The downside is that the tariff is only available to drivers with compatible chargers and cars, which are currently very rare. Among the models to offer full V2G connectivity are the Kia EV9, Nissan Leaf and Volkswagen ID models with the 77kWh battery, although this needs to be activated by an over-the-air update currently being rolled out in Europe.

Renault says it will be standard on the new 5 and will eventually be rolled out to its Megane and Scenic E-Tech models, while other manufacturers including Volvo and Hyundai are exploring the technology.

Alex Schoch, head of flexibility at Octopus Energy, said: “We recently moved past a million EVs on UK roads – a major milestone – but their true power for storing energy remains untapped.
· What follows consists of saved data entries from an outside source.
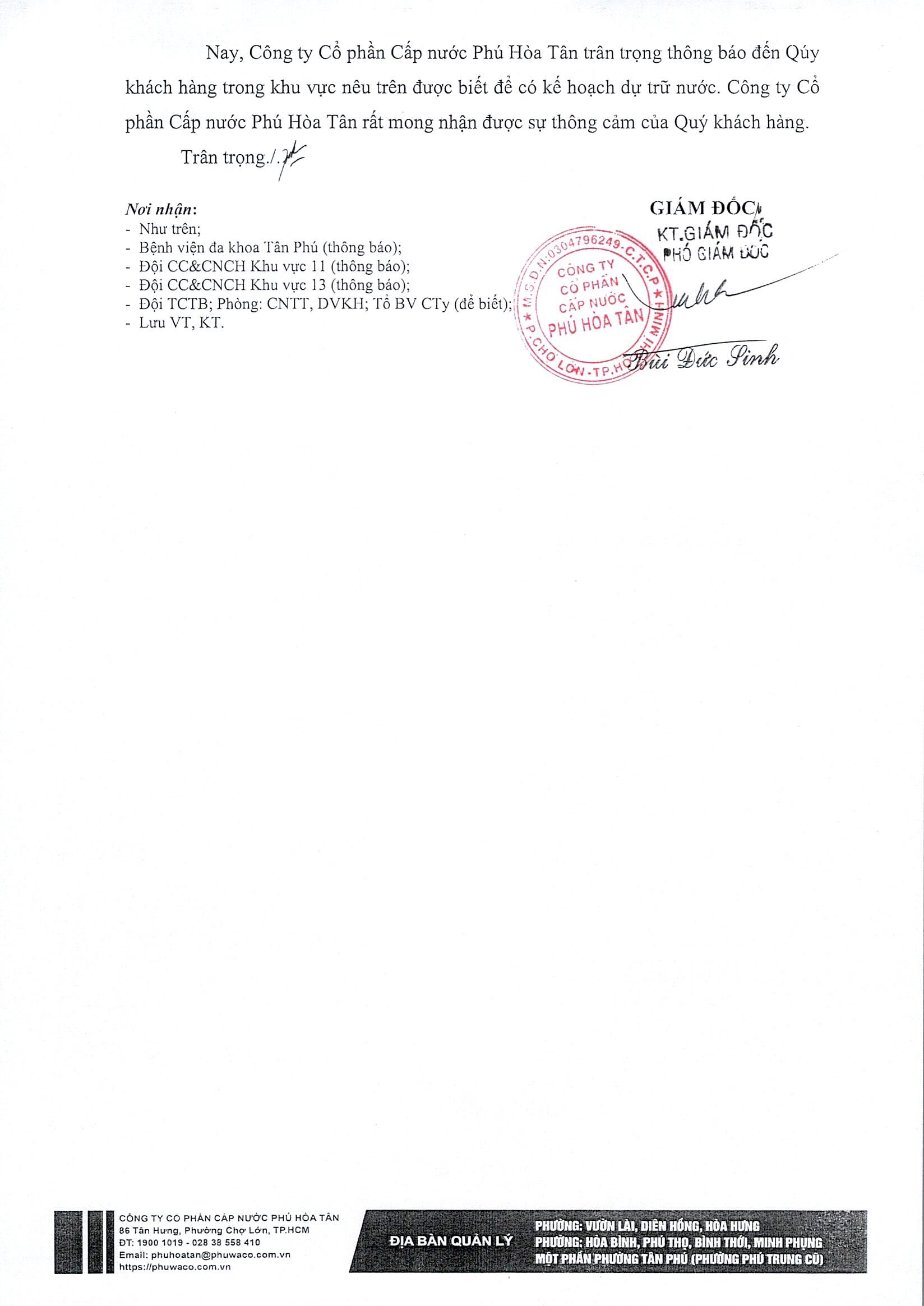 Công ty Cổ phần Cấp nước Phú Hòa Tân trân trọng thông báo Quý khách hàngđược biết để có kế hoạch dự trữ nước phục vụ cho sản xuất và sinh hoạt. Công tyrất mong nhận được sự thông cảm của Quý khách hàng./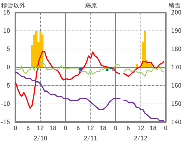 | 日 | 時 | 気温 | 降水 | 風向/風速 | 日照 | 積雪 | 降雪 |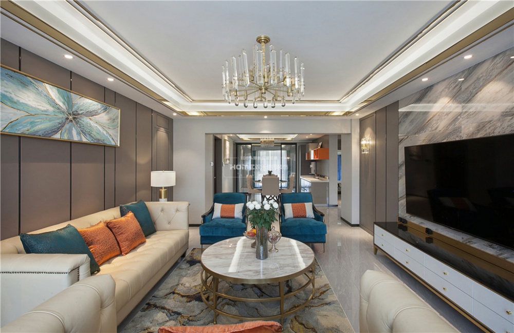 客厅电视背景墙装修效果图欢乐佳园装饰|现代轻奢风格韩式装修效果图佰富彩,满潮流混搭客厅设计图片赏析
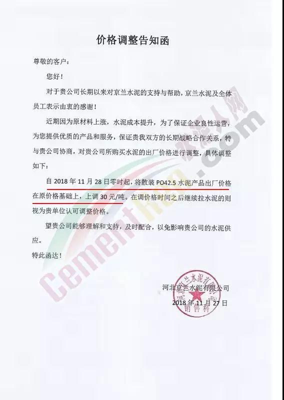 近两日京津冀地区又迎来一波涨价潮。区域主导企业金隅水泥经贸公司石家庄、邯郸、保定等公司陆续发布了调价通知。石家庄区域京兰水泥、曲寨水泥等主要品牌亦同期发通知上调水泥价格。调价函如下: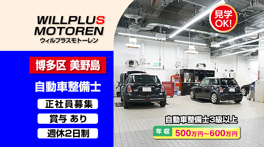ウイルプラスモトーレン株式会社【ウイルプラスモトーレン】 自動車整備士・メカニック(福岡市博多区美野島)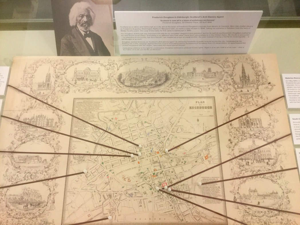 Frederick Douglass in Edinburgh map, Strike for Freedom exhibit, National Library of Scotland, 2018

Once we reach 10 million electric cars on the road, we’ll have enough storage to power the entirety of Great Britain during peak times. All our drivers have to do is plug in regularly and their charging is completely free.

“EVs are going to be a major lever in our future flexible, green grid, but to get there we need to unlock the capabilities of their batteries. Now we have Octopus Power Pack, it’s over to car manufacturers to build the cars that are compatible with V2G technology.”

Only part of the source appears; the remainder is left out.